** WORK ORDER **
Restate word for word, and only, the lines that extend from the line containing "6、12月2日,法学院实习学" through the end of the records below.

** DATA FOR ANALYSIS **
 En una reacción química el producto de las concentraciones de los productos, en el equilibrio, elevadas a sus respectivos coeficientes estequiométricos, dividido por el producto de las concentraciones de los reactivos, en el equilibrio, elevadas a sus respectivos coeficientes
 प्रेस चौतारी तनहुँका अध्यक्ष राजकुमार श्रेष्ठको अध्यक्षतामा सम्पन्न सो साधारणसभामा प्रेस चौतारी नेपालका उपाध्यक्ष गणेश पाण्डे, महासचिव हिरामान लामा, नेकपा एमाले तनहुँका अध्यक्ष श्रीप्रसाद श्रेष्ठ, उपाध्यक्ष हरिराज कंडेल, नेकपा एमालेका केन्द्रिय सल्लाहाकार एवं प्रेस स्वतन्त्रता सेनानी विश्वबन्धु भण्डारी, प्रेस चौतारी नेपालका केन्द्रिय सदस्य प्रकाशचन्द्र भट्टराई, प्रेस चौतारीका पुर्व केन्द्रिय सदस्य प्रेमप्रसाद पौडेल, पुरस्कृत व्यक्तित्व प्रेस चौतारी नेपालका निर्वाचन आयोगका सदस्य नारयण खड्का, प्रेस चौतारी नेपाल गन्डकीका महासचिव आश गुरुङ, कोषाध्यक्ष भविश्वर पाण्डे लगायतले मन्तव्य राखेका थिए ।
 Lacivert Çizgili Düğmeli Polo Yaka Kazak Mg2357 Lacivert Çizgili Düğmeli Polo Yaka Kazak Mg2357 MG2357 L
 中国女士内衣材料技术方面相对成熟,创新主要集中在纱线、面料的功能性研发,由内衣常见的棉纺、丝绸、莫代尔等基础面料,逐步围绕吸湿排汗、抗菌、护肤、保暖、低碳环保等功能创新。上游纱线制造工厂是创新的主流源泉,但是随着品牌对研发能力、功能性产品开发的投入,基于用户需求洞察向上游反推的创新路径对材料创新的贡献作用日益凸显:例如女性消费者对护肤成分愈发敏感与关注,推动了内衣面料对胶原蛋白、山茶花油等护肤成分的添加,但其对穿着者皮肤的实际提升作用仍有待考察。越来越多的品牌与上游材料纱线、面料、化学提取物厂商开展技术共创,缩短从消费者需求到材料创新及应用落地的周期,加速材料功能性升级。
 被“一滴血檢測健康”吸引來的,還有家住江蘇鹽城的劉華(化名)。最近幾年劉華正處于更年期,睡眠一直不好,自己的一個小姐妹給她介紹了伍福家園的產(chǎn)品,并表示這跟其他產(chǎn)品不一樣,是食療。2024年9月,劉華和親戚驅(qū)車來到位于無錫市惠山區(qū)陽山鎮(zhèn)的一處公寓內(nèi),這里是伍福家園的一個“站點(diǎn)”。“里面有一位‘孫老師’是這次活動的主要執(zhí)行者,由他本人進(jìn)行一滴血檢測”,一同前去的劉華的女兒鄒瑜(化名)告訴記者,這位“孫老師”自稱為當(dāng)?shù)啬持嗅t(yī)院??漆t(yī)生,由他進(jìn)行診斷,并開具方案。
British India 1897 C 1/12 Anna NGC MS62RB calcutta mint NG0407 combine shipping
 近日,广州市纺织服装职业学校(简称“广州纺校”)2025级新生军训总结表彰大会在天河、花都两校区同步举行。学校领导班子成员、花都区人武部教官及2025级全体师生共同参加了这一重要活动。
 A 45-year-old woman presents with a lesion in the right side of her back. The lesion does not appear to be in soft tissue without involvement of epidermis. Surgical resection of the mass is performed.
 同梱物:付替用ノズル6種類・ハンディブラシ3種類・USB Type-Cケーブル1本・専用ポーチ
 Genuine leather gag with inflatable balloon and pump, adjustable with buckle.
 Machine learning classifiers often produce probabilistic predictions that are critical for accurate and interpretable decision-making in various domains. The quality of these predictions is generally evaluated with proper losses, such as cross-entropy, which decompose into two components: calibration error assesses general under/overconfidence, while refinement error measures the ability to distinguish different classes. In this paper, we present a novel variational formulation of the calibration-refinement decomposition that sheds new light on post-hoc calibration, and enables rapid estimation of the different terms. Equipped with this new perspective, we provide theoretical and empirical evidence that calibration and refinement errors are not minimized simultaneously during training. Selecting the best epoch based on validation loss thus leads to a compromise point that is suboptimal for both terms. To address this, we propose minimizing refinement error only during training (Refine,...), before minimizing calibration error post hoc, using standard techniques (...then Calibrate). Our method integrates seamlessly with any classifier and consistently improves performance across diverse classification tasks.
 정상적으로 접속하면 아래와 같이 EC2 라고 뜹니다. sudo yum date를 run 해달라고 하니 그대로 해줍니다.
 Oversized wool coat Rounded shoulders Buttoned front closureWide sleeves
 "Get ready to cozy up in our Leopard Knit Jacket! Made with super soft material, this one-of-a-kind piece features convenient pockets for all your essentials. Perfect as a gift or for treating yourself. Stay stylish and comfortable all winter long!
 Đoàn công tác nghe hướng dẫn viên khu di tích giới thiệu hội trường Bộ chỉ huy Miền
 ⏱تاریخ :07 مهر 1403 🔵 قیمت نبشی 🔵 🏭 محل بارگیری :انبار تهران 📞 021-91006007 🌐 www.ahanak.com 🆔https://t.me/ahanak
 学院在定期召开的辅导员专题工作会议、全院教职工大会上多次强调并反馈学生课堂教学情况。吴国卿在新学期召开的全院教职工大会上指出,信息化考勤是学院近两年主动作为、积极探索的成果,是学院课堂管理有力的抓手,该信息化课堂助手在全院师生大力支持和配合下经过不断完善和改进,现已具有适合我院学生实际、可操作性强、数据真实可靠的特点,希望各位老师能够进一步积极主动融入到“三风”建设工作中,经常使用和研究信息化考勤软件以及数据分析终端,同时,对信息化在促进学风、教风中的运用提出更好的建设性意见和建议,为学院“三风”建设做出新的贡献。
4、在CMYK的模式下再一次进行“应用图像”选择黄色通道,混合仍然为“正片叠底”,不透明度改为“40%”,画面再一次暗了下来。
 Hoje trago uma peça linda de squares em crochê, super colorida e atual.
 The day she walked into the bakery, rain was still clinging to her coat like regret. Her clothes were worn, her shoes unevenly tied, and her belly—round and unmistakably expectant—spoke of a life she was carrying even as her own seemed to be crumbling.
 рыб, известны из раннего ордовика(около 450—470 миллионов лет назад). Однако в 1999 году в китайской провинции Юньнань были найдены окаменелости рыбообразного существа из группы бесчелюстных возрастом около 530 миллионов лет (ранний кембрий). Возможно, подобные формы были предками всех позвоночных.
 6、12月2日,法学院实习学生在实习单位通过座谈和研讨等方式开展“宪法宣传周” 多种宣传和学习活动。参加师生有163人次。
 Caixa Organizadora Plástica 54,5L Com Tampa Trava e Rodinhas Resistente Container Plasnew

** TASK OUTPUT **
 6、12月2日,法学院实习学生在实习单位通过座谈和研讨等方式开展“宪法宣传周” 多种宣传和学习活动。参加师生有163人次。
 Caixa Organizadora Plástica 54,5L Com Tampa Trava e Rodinhas Resistente Container Plasnew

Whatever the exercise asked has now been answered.